Like most governments, African nations are looking for opportunities to increase spending, whether by reducing interest bills or accessing fresh funding. To put this in perspective, in the last 12 months, the United States has borrowed approximately US$17,000 per citizen to finance stimulus and family support programs, with Australia, Canada, Germany, Japan, and the United Kingdom closer to US$10,000 per head. Sub-Saharan Africa is looking for much less, about US$365 per person in new support to make ends meet over the next five years — or US$73 annually.
To avoid a debt repayment/irreversible-loss-in-human-capital tradeoff requires an international debt restructuring architecture: one that creates the foundation for an inclusive and sustainable socio-economic recovery for all Africans.
In line with fiscal responses elsewhere, governments in sub-Saharan Africa should put social protection at the center of their crisis response and recovery plans.
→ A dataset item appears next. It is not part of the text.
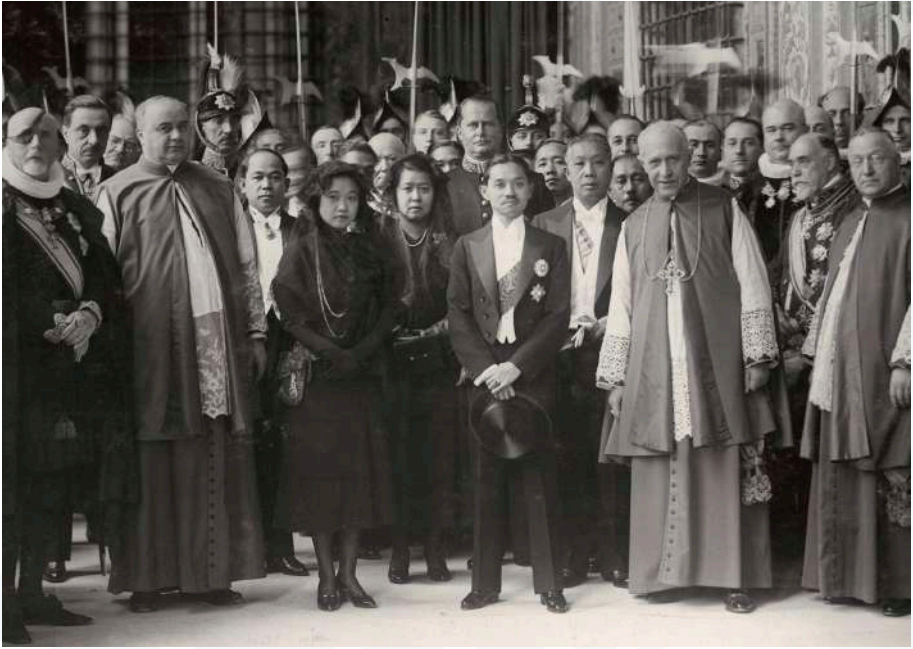
Visite à Rome du roi Rama VII, 5 juin 1897.

Louis XIV. Hélas, ces relations privilégiées se termineront par un cuisant échec et un coup d'État en 1688.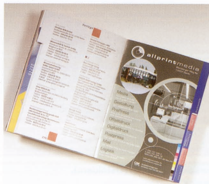
3. Preis: Handbuch Druck.Medien 2005, Handbuch Verlag GmbH (Berlin), Ilka Cierpka Grafikdesign (Berlin), Mercedes Druck GmbH (Berlin), KönigsDruck GmbH (Berlin), Druckhaus Berlin-Mitte GmbH (Berlin), Georg Pawellek (Königs-Wusterhausen), Schröders Agentur (Berlin), Buchbinderei Stein + Lehmann GmbH (Berlin), Reimer Nachf. Kuhn (Berlin), Thomas Grafische Veredelung GmbH & Co. KG (Berlin), Cirilli Printmedia GmbH (Berlin), Thomas Nickert Druckveredelung GmbH (Berlin).

Cash transfers, in particular, can prevent or minimize nearly every risk that vulnerable households and children are facing right now; they can also generate powerful economic growth.
So, let’s link debt relief to funding for social protection. We call this “smart debt relief” for three reasons. First, it avoids an unacceptable situation whereby debt servicing contributes to a vicious cycle of lending. Second, it releases and channels finance to where investments are most needed: families and children. And third, it catalyzes more than a decade of momentum, as governments across sub-Saharan Africa have adopted policies, launched national cash transfer programs, and made them part of their development plans.
Smart debt relief must start with extending the DSSI through 2023 (it currently expires in December) and providing some debt forgiveness to the neediest governments that guarantee new spending on social protection. It also requires that the G20 Common Framework be institutionalized to coordinate the rescheduling of debt held both by official bilateral and private-sector creditors, again with greater flexibility for countries that demonstrate social protection commitments. Most importantly, smart debt relief must be complemented by additional support, including grants and highly concessional finance, so that sub-Saharan African countries have a realistic chance of closing funding gaps and protecting human capital.
The next time the world gets together to debate the future, whether it be the United Nations General Assembly (September), the IMF and World Bank Fall Meetings, or the G20 Summit (both in October), let’s make sure that the spotlight shines brightly on Africa’s children and practical ways to get them the help they need. Smart debt relief should be viewed as the first step in a much larger support package for the continent, for its children, and its economic and development potential.
Matthew Cummins is a Social Policy Regional Adviser for UNICEF Eastern and Southern Africa. Paul Quarles van Ufford is a Social Policy Regional Adviser for UNICEF West and Central Africa.